Проплыли еще минут пятнадцать – вдвое больше того, чем нужно, чтобы наткнуться со своей Ангары в Матёру или Подмогу, – ничего: ни берега, ни знака какого, ни просветления, одна вязкая и бесконечная, еще больше, чудилось, загустевшая, как студень, масса тумана. Галкин повернул к Павлу лицо, спрашивая, что делать, куда поворачивать, и Павел в ответ пожал плечами: не знаю.
– Глуши, – решившись, сказал он.
Галкин поднялся и заглушил двигатель. Павел вышел на борт, прислушиваясь, как затихает шуршание воды и тумана, – самой воды уже не было видно совсем. Он взял чурбан, на котором перед тем сидел, и кинул его вниз – там глухо и вязко плеснуло, там, значит, была все-таки вода. Воронцов не выдержал:
– Долго мы еще тут будем возиться? Вы что – не понимаете или понимаете? Скоро утро, надо дело делать.

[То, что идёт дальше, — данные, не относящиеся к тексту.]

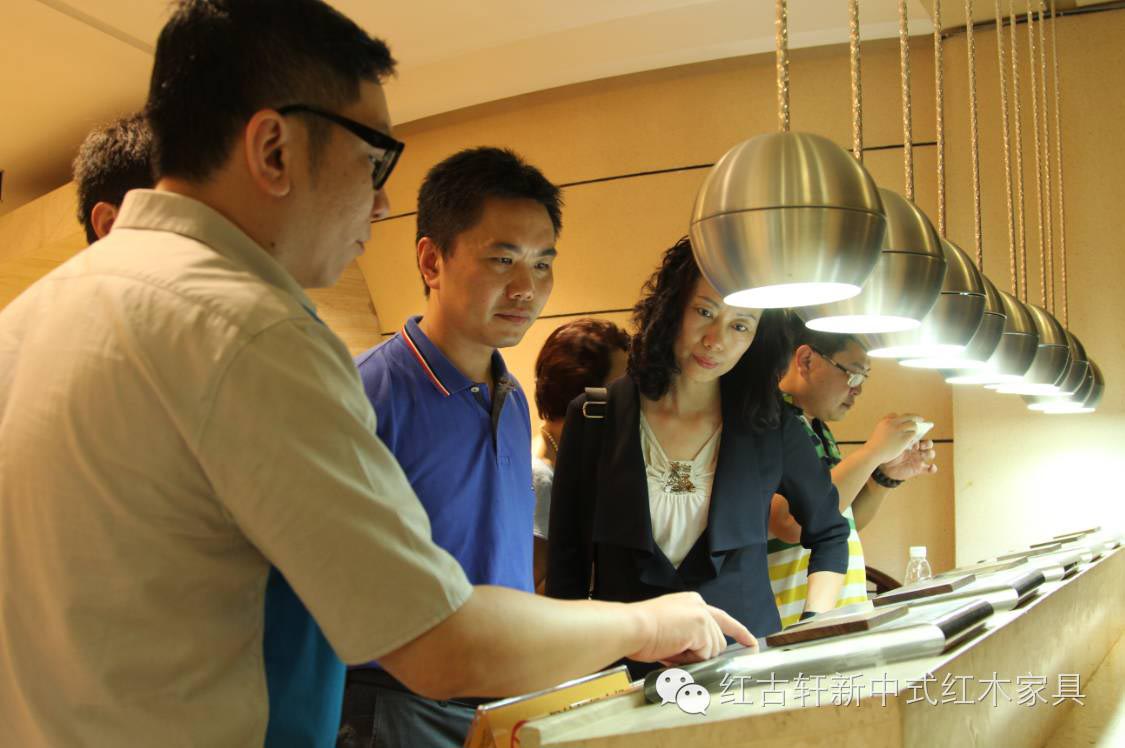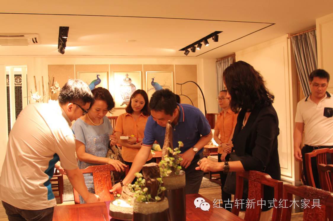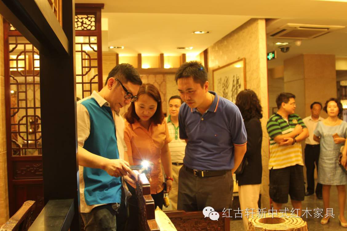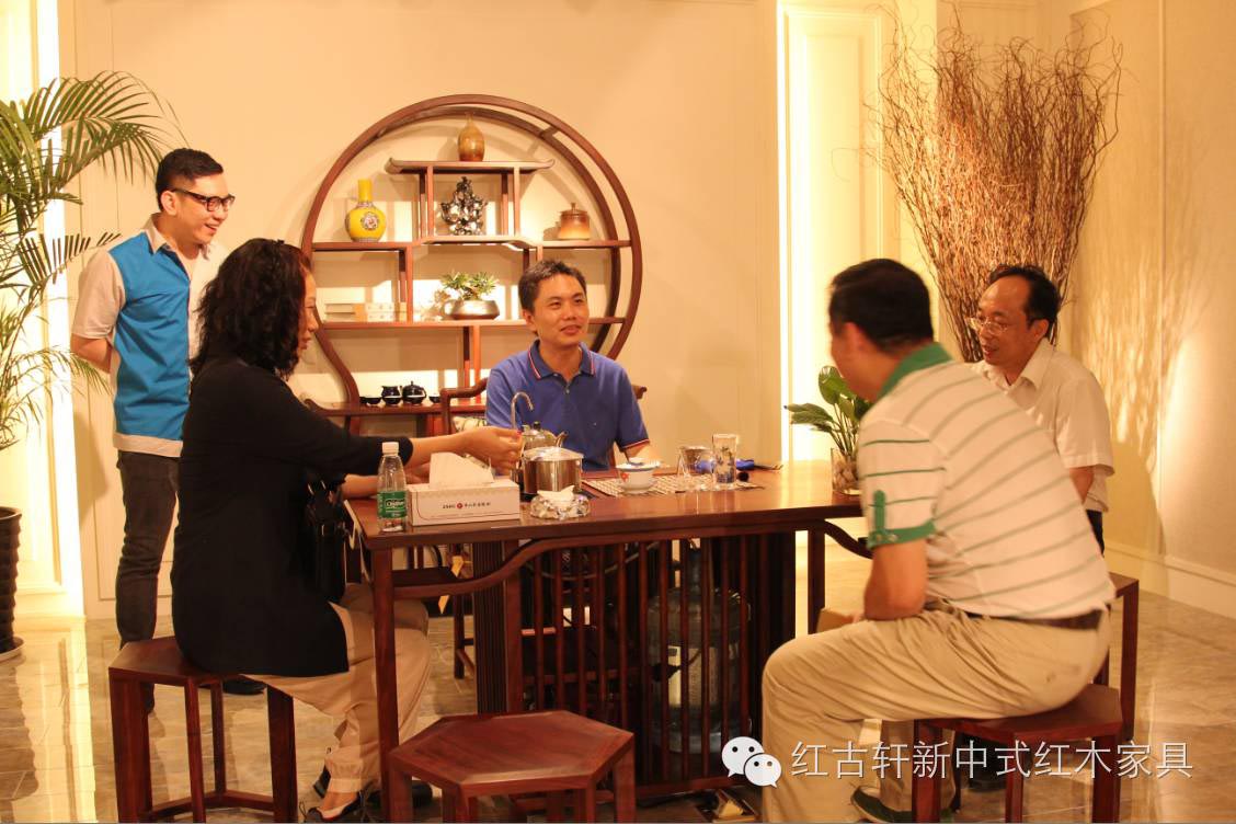 陳超強(qiáng)董事長(zhǎng)十分喜歡紅木家具,久聞紅古軒大名的他,于紅古軒細(xì)細(xì)品鑒每一件紅木。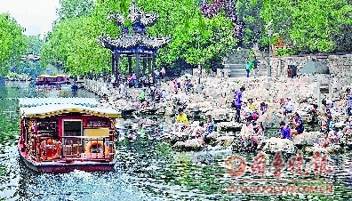 29日午后,护城河畔白石泉边围坐着前来亲泉的游人。夏日时节,在泉边小憩,掬一捧甘甜的泉水,真可谓清凉。 本报记者 邱志强 摄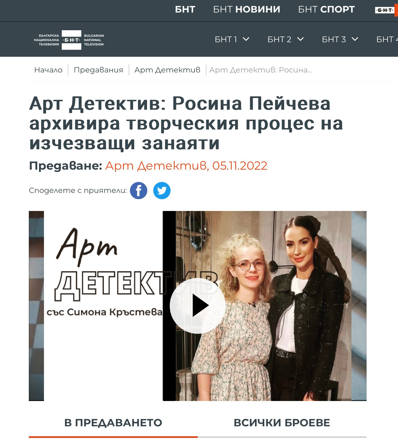 05.11.2022, предаване „Арт Детектив”, БНТ 2, водещ: Симона Кръстева, гост: Росина Пенчева

– Не кричи, – оборвал его Галкин. – Тут тебе не собрание.
И Воронцов, как ни странно, сдержался и умолк, догадавшись, что приказами здесь не поможешь. Однако «не кричи», которое обидело его, потому что он не привык к такому обращению к себе, подвинуло его к другому решению, он потребовал от Петрухи.
– Кричи.
– Че кричи? – не понял тот.
– Что хошь кричи. Хоть караул. Есть же тут где-то живые люди или что? Может, они услышат. Или вы все сговорились? Ну?!
Петруха не сразу, не вдруг, показав, что он подумал и согласился с Воронцовым, пошел в нос катера, и оттуда донеслось:
– Ма-а-ать! Тетка Дарья-а-а! Где вы? Э-э-эй!

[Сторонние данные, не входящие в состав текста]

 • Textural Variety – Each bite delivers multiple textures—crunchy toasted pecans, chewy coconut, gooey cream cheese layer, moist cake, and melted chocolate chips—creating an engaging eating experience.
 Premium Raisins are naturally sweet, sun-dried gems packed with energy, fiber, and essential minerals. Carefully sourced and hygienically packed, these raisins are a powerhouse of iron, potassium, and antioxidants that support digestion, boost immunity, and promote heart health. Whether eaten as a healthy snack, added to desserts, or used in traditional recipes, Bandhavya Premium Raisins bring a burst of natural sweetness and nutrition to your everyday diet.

Ни звука в ответ. И смешно было надеяться, что кто-то отзовется: туман тут же, на месте, впитывал и топил голос, выбраться из его трясины ничто не могло.
Снова завели двигатель и поплыли, правя, казалось, к наконец-то точно угаданному берегу, не отыскав его, поворачивали к другому, потом к третьему – и ни к одному не могли добраться. Все сгинуло в кромешной тьме тумана.
– Так нам и надо, – уже с последней, безучастной злостью, обращаясь к Воронцову, сказал Павел. – Какого дьявола было на ночь плыть – до утра бы не подождали, что ли?
– Если бы ты днем их привез, не поплыли бы, – оправдывался Воронцов.
Павел смирился: будь что будет. Он уже не подсказывал Галкину держать ни вправо, ни влево, тот правил куда-то, в какую-то пустоту, самостоятельно. Затих, смирившись, и Воронцов, он сидел с опущенной головой, бессмысленно глядя перед собой красными, воспаленными за ночь глазами, но время от времени не забывал расталкивать дремавшего рядом Петруху. Пётруха встряхивался, выходил на борт и глухо и безнадежно кричал, едва слыша себя, все то же:
– Ма-а-ать! Тетка Дарья-а-а! Эй, Матёра!
Затем возвращался и, наваливаясь по-братски на Воронцова, опять засыпал.
В конце концов, отчаявшись куда-нибуль выплыть, Галкин выключил мотор. Стало совсем тихо. Кругом были только вода и туман и ничего, кроме воды и тумана.
Заплакал со сна, тревожно и неутешно, мальчишка, и старухи очнулись, завозились, распрямляясь и вздыхая, – они так и не укладывались, дремали сидя, каждая на своем месте, кто где устроился с вечера и остался после разговора. Сима, что-то наговаривая, стала успокаивать мальчишку, и он умолк, срываясь временами лишь на слабые и подавленные всхлипы. В курятнике у Богодула было даже и не темно, а слепо и исподно: в окне стоял мглистый и сырой, как под водой, непроглядный свет, в котором что-то вяло и бесформенно шевелилось – будто проплывало мимо.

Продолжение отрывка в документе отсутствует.